Sky news reports, Adults believe more than
half of children across the country carry a knife for protection, a survey has found.
Two-thirds, 66%- worried that children aged
between 10 and 18 could become victims of knife crime, with 61% admitting to worrying that children feel unsafe in their neighbourhood because of knife crime.
A Home Office spokesman said: "We are
determined to make our streets safer which is why we are recruiting 20,000 new police officers to protect our communities and have made it easier for them to use stop and search powers.
Because of this, even food chains have
resulted in trying to change people’s ways- “#knife-free” boxes are distributed to more than 200 chicken shops as a way, to help promote that this is something to be stopped.
Not only this, but A Home Office spokesman
said: "We are determined to make our streets safer which is why we are recruiting 20,000 new police officers to protect our communities and have made it easier for them to use stop and search powers.
They also state: "Our Serious Violence
Strategy also focuses on steering young people away from knife crime.
"Our #knifefree campaign challenges the myth
that carrying a knife makes you safer and we are investing over £220m in early intervention projects."
Hoping for a decrease in the amount of knife
carrying and crimes in the UK. It is said that more youth clubs, sports clubs, community centres and youth clubs have been opened to make areas safer for children.

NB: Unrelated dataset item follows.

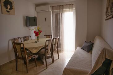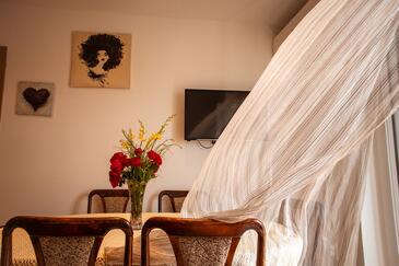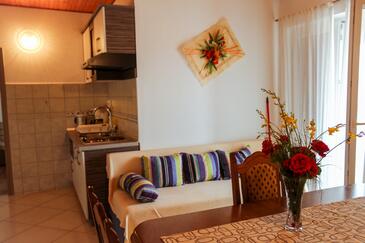 Appartamento può accogliere 5 ospiti. I letti sono disposti nelle camere da letto che sono 2, su 47m2. Gli ospiti hanno a disposizione il proprio balcone per godere delle calde serate estive. Dall'appartamento si gode di una vista sul mare. Si può preparare il cibo utilizzando il barbecue comune. Durante il soggiorno gli ospiti possono utilizzare la piscina comune.

The UK is hitting so hard with knife crime
that the worry of parents and guardians are beginning to tell their children about the issue of knife crime at a very young age.
The Express exclaims: “Terrified parents are
warning children about knife crime at the age
of just SEVEN.”
Parents are warning their children about
knife crime from the age of just SEVEN, a
shock study shows.
While most parents reckon 10 or 11 is the
right time to broach the tricky subject, one
in 10 has felt the need to raise the issue
during infant school, as matters get worse.
Some may disagree with the challenges parents
are going through with to secure their children in safe environments, Anti-knife crime campaigner Brooke Kinsella, whose brother Ben was stabbed to death in 2008 aged just 16, said: "You can't wrap up children in cotton wool and lock them up so they can't go out.
"But our children should not be worried about
knife crime. They should be thinking about exam results, where they want to go to college and what they want to do when they grow up. "They should not be worried that they are not going to grow up." Siobhan Freegard added: "Knives can change lives in seconds so it's vital we all know how to help victims quickly.”
As a teenager myself, the fear of going out
grows from time to time and so is It for many other teenagers and shouldn’t be something we spend 90% of our time thinking about but living out childhood in freedom and peace.